[Source information]
-- -- --

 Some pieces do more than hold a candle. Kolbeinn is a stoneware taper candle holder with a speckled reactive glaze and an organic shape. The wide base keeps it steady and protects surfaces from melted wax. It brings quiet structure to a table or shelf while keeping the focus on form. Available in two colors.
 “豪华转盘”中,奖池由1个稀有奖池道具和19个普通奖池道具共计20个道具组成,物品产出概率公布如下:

-- -- --

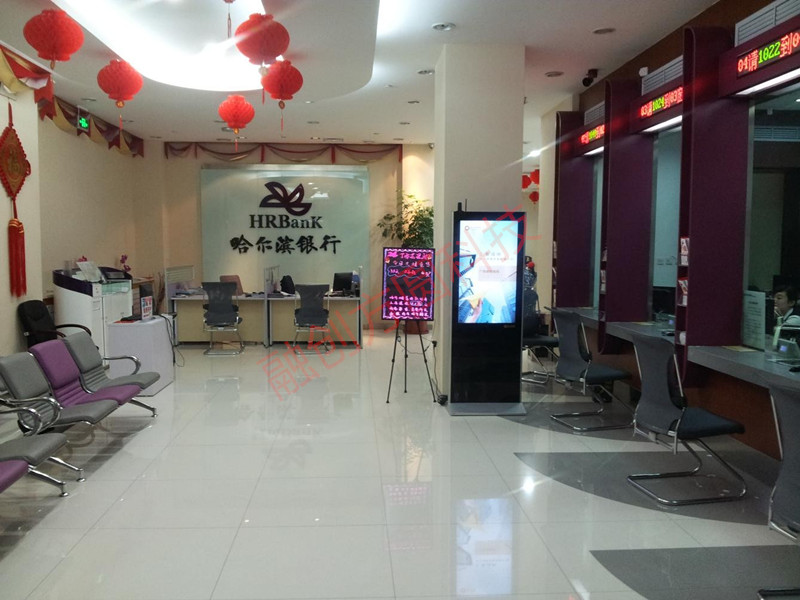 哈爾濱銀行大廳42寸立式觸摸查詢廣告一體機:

-- -- --

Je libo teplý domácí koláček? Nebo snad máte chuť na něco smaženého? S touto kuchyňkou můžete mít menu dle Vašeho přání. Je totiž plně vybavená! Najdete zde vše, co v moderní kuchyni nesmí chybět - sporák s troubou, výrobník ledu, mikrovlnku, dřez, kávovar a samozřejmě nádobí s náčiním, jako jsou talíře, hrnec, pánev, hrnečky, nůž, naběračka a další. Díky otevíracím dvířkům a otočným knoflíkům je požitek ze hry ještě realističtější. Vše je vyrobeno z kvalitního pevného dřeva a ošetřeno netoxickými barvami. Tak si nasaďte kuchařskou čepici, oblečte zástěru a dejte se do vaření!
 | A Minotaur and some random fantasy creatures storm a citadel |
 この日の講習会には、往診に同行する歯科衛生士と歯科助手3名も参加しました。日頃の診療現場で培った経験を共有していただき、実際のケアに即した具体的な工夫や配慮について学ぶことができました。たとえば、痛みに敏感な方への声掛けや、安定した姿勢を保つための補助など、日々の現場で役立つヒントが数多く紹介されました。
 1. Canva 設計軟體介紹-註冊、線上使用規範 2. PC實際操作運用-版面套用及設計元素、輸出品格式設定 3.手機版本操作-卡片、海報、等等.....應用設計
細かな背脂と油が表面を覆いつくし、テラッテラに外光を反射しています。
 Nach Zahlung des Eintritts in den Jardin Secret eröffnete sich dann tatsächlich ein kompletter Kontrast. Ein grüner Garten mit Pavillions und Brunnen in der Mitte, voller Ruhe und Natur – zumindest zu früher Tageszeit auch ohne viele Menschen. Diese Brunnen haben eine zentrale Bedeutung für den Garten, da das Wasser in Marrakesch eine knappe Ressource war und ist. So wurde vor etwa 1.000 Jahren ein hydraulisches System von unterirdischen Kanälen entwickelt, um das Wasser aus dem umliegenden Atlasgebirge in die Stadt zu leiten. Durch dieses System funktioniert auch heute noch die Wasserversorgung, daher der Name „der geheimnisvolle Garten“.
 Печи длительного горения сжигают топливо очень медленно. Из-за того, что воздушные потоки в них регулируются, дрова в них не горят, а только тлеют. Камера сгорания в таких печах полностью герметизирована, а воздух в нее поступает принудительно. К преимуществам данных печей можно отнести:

-- -- --

[The problem] Output the lines above exactly, but only those between the line holding "a citadel |" and the line holding "Печи длительного горения", inclusive.

[Solution for this task]
 | A Minotaur and some random fantasy creatures storm a citadel |
 この日の講習会には、往診に同行する歯科衛生士と歯科助手3名も参加しました。日頃の診療現場で培った経験を共有していただき、実際のケアに即した具体的な工夫や配慮について学ぶことができました。たとえば、痛みに敏感な方への声掛けや、安定した姿勢を保つための補助など、日々の現場で役立つヒントが数多く紹介されました。
 1. Canva 設計軟體介紹-註冊、線上使用規範 2. PC實際操作運用-版面套用及設計元素、輸出品格式設定 3.手機版本操作-卡片、海報、等等.....應用設計
細かな背脂と油が表面を覆いつくし、テラッテラに外光を反射しています。
 Nach Zahlung des Eintritts in den Jardin Secret eröffnete sich dann tatsächlich ein kompletter Kontrast. Ein grüner Garten mit Pavillions und Brunnen in der Mitte, voller Ruhe und Natur – zumindest zu früher Tageszeit auch ohne viele Menschen. Diese Brunnen haben eine zentrale Bedeutung für den Garten, da das Wasser in Marrakesch eine knappe Ressource war und ist. So wurde vor etwa 1.000 Jahren ein hydraulisches System von unterirdischen Kanälen entwickelt, um das Wasser aus dem umliegenden Atlasgebirge in die Stadt zu leiten. Durch dieses System funktioniert auch heute noch die Wasserversorgung, daher der Name „der geheimnisvolle Garten“.
 Печи длительного горения сжигают топливо очень медленно. Из-за того, что воздушные потоки в них регулируются, дрова в них не горят, а только тлеют. Камера сгорания в таких печах полностью герметизирована, а воздух в нее поступает принудительно. К преимуществам данных печей можно отнести:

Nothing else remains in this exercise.